◆ Input data
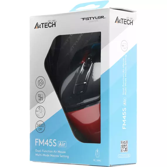 Мышь A4-Tech Fstyler FM45S Air красный/черный оптическая 2400dpi silent USB 7but [FM45S AIR USB (SPORTS RED)]
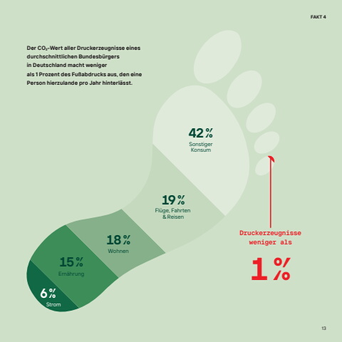 FAKT 4Der CO%u2082-Wert aller Druckerzeugnisse eines durchschnittlichen Bundesb%u00fcrgers in Deutschland macht weniger als 1 Prozent des Fu%u00dfabdrucks aus, den eine Person hierzulande pro Jahr hinterl%u00e4sst. 19 %Fl%u00fcge, Fahrten & Reisen42 %Sonstiger Konsum18 %Wohnen15 %Ern%u00e4hrung6 %Strom1 %Druckerzeugnisseweniger als13
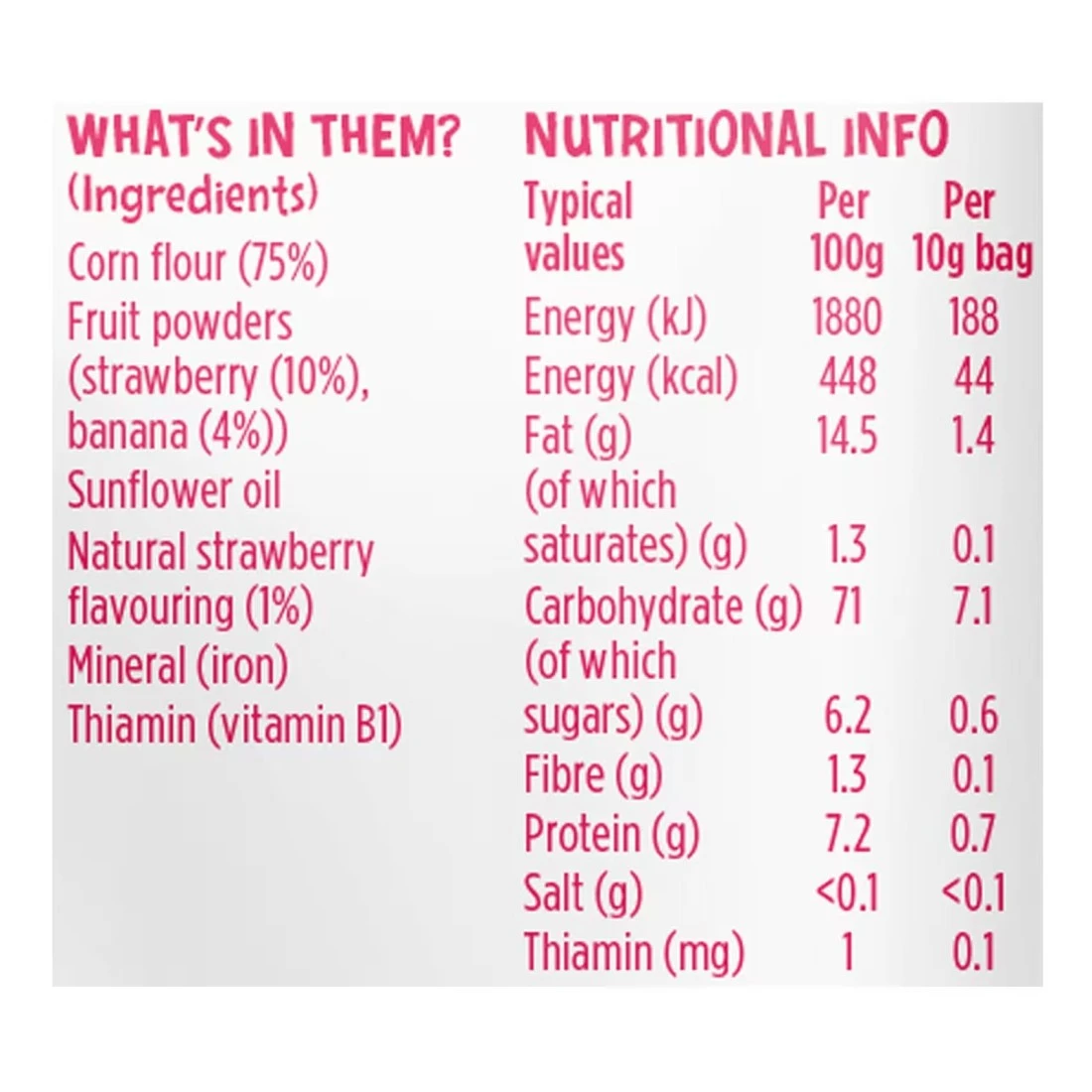 ingredients : Corn Flour (75%), Fruit Powders (Strawberry (10%), Banana (4%)), Sunflower Oil, Natural Strawberry Flavouring, Mineral (Iron), Thiamin (Vitamin B1).

◆ Problem to solve
The lines above should be transcribed exactly, with every image removed.

◆ Output of the task
 Мышь A4-Tech Fstyler FM45S Air красный/черный оптическая 2400dpi silent USB 7but [FM45S AIR USB (SPORTS RED)]
 FAKT 4Der CO%u2082-Wert aller Druckerzeugnisse eines durchschnittlichen Bundesb%u00fcrgers in Deutschland macht weniger als 1 Prozent des Fu%u00dfabdrucks aus, den eine Person hierzulande pro Jahr hinterl%u00e4sst. 19 %Fl%u00fcge, Fahrten & Reisen42 %Sonstiger Konsum18 %Wohnen15 %Ern%u00e4hrung6 %Strom1 %Druckerzeugnisseweniger als13
 ingredients : Corn Flour (75%), Fruit Powders (Strawberry (10%), Banana (4%)), Sunflower Oil, Natural Strawberry Flavouring, Mineral (Iron), Thiamin (Vitamin B1).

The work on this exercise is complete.